Wer ließ die Passagen streichen?

Eventuelle im Nachhinein beigebrachte Unterlagen der Stadt, die die Beanstandungen entkräften und so den Inhalt des Prüfberichts verändern hätten können, gab es laut den Prüfern nicht. Und so stellen sich einige entscheidende Fragen: Warum wurden all diese Passagen meist ersatzlos gestrichen?

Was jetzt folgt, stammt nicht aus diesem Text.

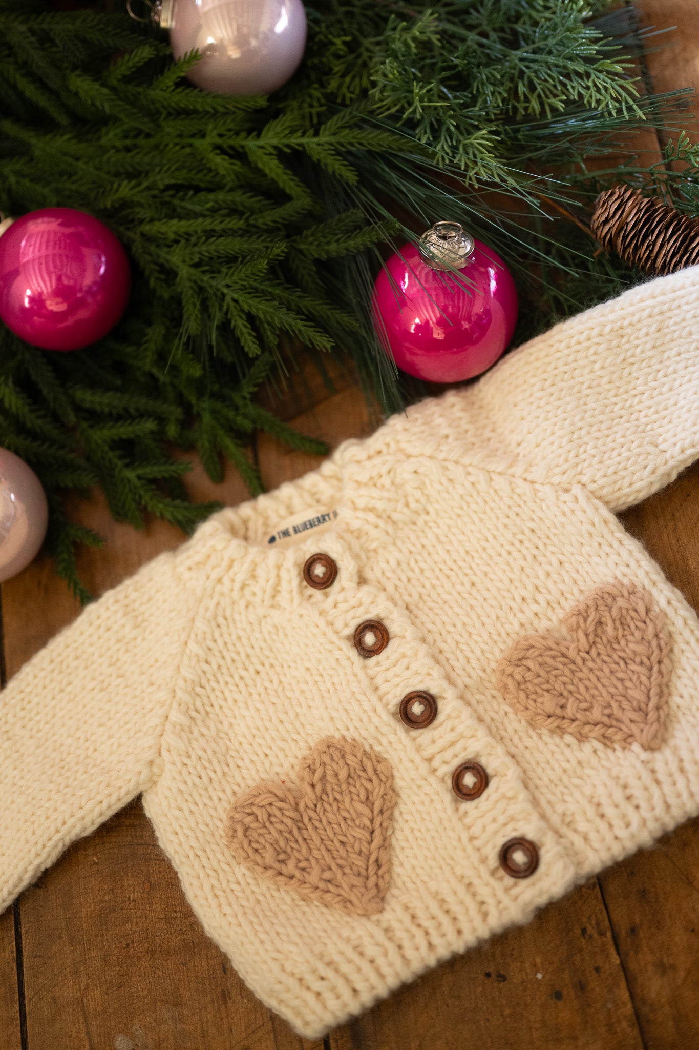 Your baby girl needs this chunky cream cardigan with heart pockets to collect all the love. Perfect for a Valentine's Day outfit or just every day sweetness.

Wer hat sie gestrichen? Und auf wessen Anweisung hin?

Nur „kleinere formelle Änderungen“

Hinterfragenswert sind zumindest die Umstände: In dem für die Prüfung von ÖVP-Gemeinden damals zuständigen Büro von SPÖ-Gemeindelandesrat Josef Ackerl wusste man schon vor der Schlussbesprechung mit der Stadt, dass der Bericht viele Kritikpunkte beinhaltet. Nach der Schlussbesprechung - so sagen damalige Mitarbeiter - kam dann aus der Abteilung Inneres und Kommunales die Information, dass es im Zuge der Schlussbesprechung nur „kleinere formelle Änderungen“ gebe und der so korrigierte Bericht im Internet veröffentlicht werden könne. Kontrolliert hat man diese „kleinen formellen Änderungen“ aber nicht mehr, stand doch genau in diesen Tagen der Wechsel von Ackerl zu seinem Nachfolger Reinhold Entholzer an.

Streichungen im Freistadt-Bericht „einzigartig“

Entholzer kannte den kritischen Erstbericht nicht, wusste auch nicht, was im Vorfeld geschehen war. Und fragt man ehemalige Mitarbeiter aus dem Ackerl-Büro von damals, dann sagen die, dass es zwar durchaus normal gewesen sei, dass kleinere Änderungen in solchen Prüfberichten vorgenommen worden seien, etwa juristische Formulierungen. Die massiven Abweichungen und Streichungen im Freistadt-Bericht seien aber einzigartig gewesen, heißt es.

Niemand will von Streichungen gewusst haben

Und noch etwas fällt auf: Die Änderungen, Streichungen und die Veröffentlichung des Prüfberichts erfolgte genau in jenen Wochen, in denen der Hauptprüfer, der sich mit all den heiklen und entsprechend diskutierten Kritikpunkten beschäftigt hatte, auf Urlaub war. Die zuständigen Politiker - egal welchen Couleurs - beteuern seit Wochen, nichts von den Vorgängen und den Streichungen gewusst zu haben. Das würde im Umkehrschluss bedeuten, dass Landesbeamte von sich aus diese Streichungen und Veränderungen durchgeführt hätten. Und da stellt sich schon die nächste Frage, ohne derzeit eine Antwort parat zu haben: Warum hätten sie das tun sollen?